#### What is needed
Keep the images out while you retype all of the data exactly.

#### Dataset content
··········
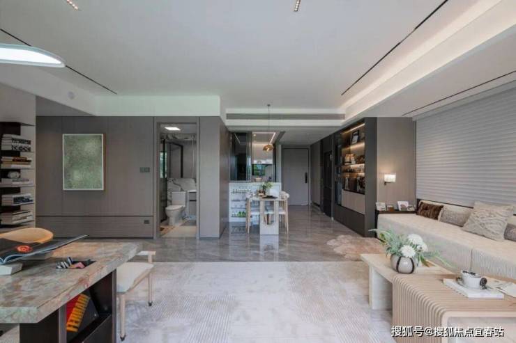竖厅格局实现LDKB一体化,放下一张6人长桌丝毫不显逼仄,空间尺度感拉满。
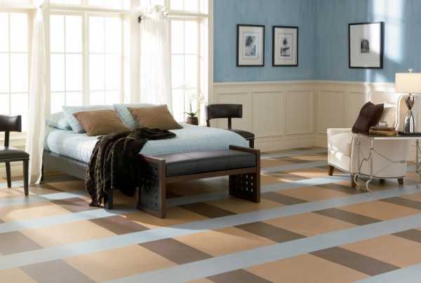 Например, в спальню подойдет покрытие в бежевых и пастельных тонах желательно без узоров. Специалисты рекомендуют подбирать линолеум с имитацией древесины или натурального камня. Для гостиной линолеум подбирается в зависимости от дизайна помещения. Это могут быть теплые оттенки и яркие тона.
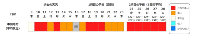 中国地方の向こう2週間の気温は、暖かい空気に覆われやすいため高く、かなり高い日が多い見込みです。農作物の管理等に注意してください。また、今後の気象情報等に留意してください。
··········
#### Reply
竖厅格局实现LDKB一体化,放下一张6人长桌丝毫不显逼仄,空间尺度感拉满。
 Например, в спальню подойдет покрытие в бежевых и пастельных тонах желательно без узоров. Специалисты рекомендуют подбирать линолеум с имитацией древесины или натурального камня. Для гостиной линолеум подбирается в зависимости от дизайна помещения. Это могут быть теплые оттенки и яркие тона.
 中国地方の向こう2週間の気温は、暖かい空気に覆われやすいため高く、かなり高い日が多い見込みです。農作物の管理等に注意してください。また、今後の気象情報等に留意してください。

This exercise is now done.